*WORK TO BE COMPLETED*: Omitting all pictures, retype the entries below exactly as given.
########################################
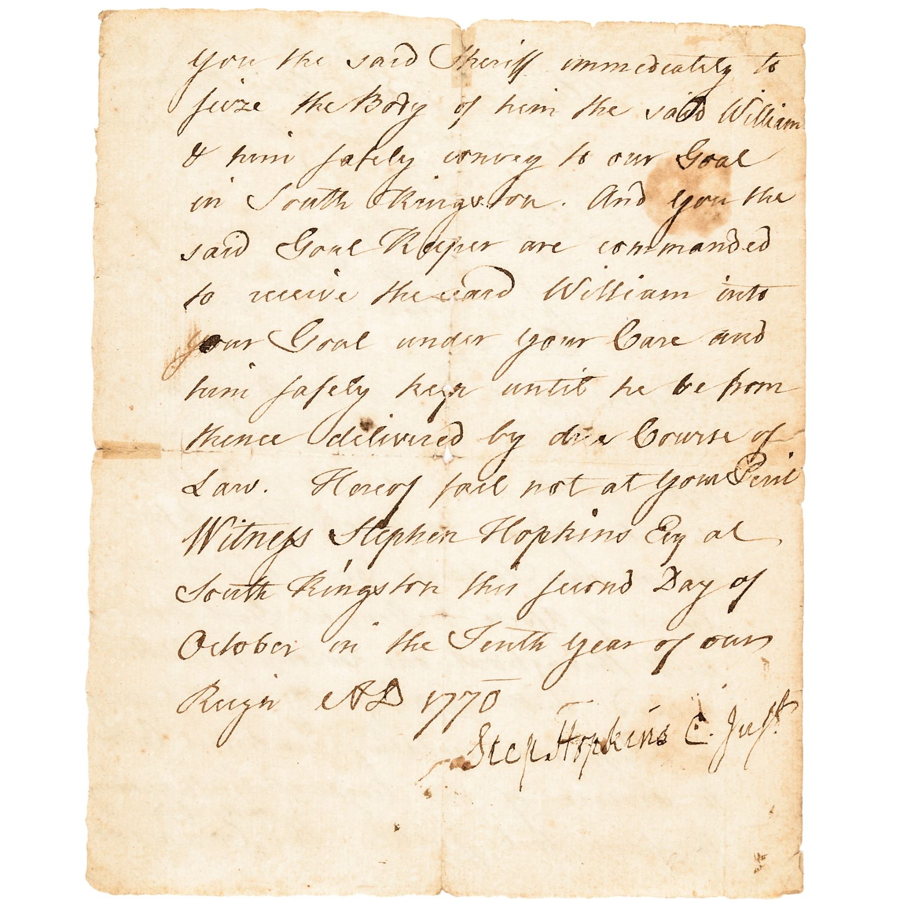 October 2, 1770-Dated Rare Colonial Period “Counterfeiting” related content Manuscript Document Signed, “Step. Hopkins” as Superior Court Judge on a Warrant for the Arrest of William Reynolds of Exeter, Kings County (now Washington County), Rhode Island, 2 pages (back to back), measuring 7.5” x 6”, Very Good. Written in bold brown ink on laid watermarked period paper, some tone and minor paper loss along the folds where worn, yet otherwise intact and with an unaffected clear signature. This important “Counterfeiting” related legal warrant reads, after the intro, in full:
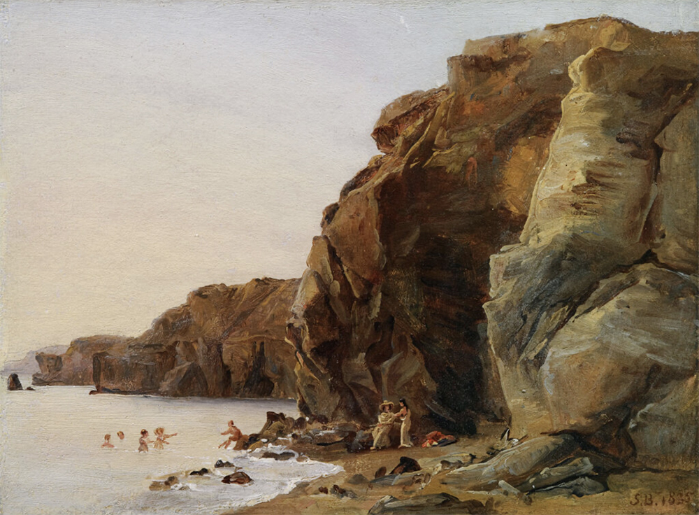 Decisamente più fresco è il piccolo dipinto – forse concepito come souvenir da regalare – che raffigura una costa rocciosa con bagnanti (in Bretagna o in Normandia), del 1835. Nella scena alcune donne si spogliano per fare il bagno mentre una donna vestita con un grande cappello, probabilmente un autoritratto della pittrice, rimane a riva a disegnare.
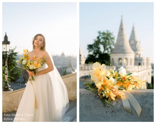 Žlté tóny v kytici symbolizujú radosť, energiu a optimizmus – presne tie emócie, ktoré krásne vystihujú svadobný deň. Takáto kytica pôsobí sviežo a moderne, pričom si zachováva eleganciu a jemnosť. Žltá farba vynikne samostatne, no rovnako dobre funguje aj v kombinácii s bielou alebo jemnými pastelmi. Dodáva aranžmánu jasný akcent, ktorý okamžite púta pozornosť a rozžiari celkový vzhľad nevesty. Je to voľba pre ženy, ktoré chcú do svojho svadobného štýlu vniesť iskru optimizmu a dopriať si detail, ktorý bude pôsobiť prirodzene, ale zároveň nezabudnuteľne.
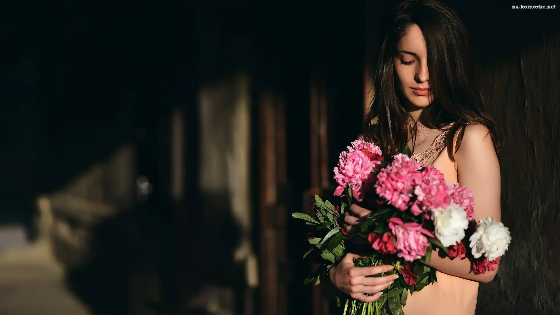 Kwiaty, Piwonie, Dziewczyna, Szatynka na Komórkę
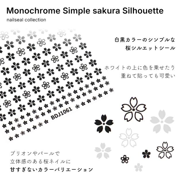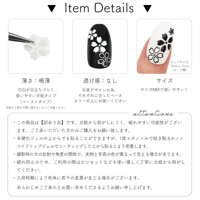 【訳あり品】ネイルシール モノクロシンプル桜シルエットシール [ブラック 黒/ホワイト 白] 全2色
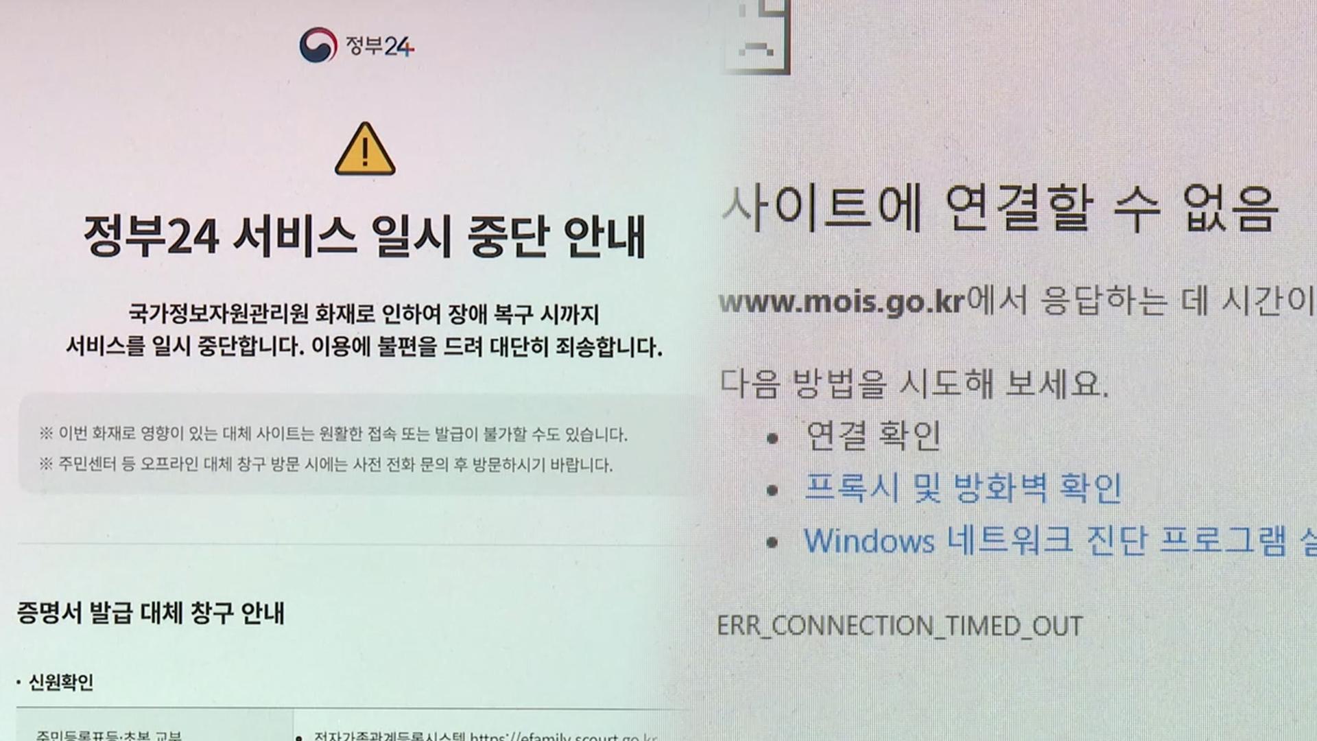 정부24 등 정부 업무 시스템 마비…민원 서비스 중단
########################################
*TASK SOLUTION*:
 October 2, 1770-Dated Rare Colonial Period “Counterfeiting” related content Manuscript Document Signed, “Step. Hopkins” as Superior Court Judge on a Warrant for the Arrest of William Reynolds of Exeter, Kings County (now Washington County), Rhode Island, 2 pages (back to back), measuring 7.5” x 6”, Very Good. Written in bold brown ink on laid watermarked period paper, some tone and minor paper loss along the folds where worn, yet otherwise intact and with an unaffected clear signature. This important “Counterfeiting” related legal warrant reads, after the intro, in full:
 Decisamente più fresco è il piccolo dipinto – forse concepito come souvenir da regalare – che raffigura una costa rocciosa con bagnanti (in Bretagna o in Normandia), del 1835. Nella scena alcune donne si spogliano per fare il bagno mentre una donna vestita con un grande cappello, probabilmente un autoritratto della pittrice, rimane a riva a disegnare.
 Žlté tóny v kytici symbolizujú radosť, energiu a optimizmus – presne tie emócie, ktoré krásne vystihujú svadobný deň. Takáto kytica pôsobí sviežo a moderne, pričom si zachováva eleganciu a jemnosť. Žltá farba vynikne samostatne, no rovnako dobre funguje aj v kombinácii s bielou alebo jemnými pastelmi. Dodáva aranžmánu jasný akcent, ktorý okamžite púta pozornosť a rozžiari celkový vzhľad nevesty. Je to voľba pre ženy, ktoré chcú do svojho svadobného štýlu vniesť iskru optimizmu a dopriať si detail, ktorý bude pôsobiť prirodzene, ale zároveň nezabudnuteľne.
 Kwiaty, Piwonie, Dziewczyna, Szatynka na Komórkę
 【訳あり品】ネイルシール モノクロシンプル桜シルエットシール [ブラック 黒/ホワイト 白] 全2色
 정부24 등 정부 업무 시스템 마비…민원 서비스 중단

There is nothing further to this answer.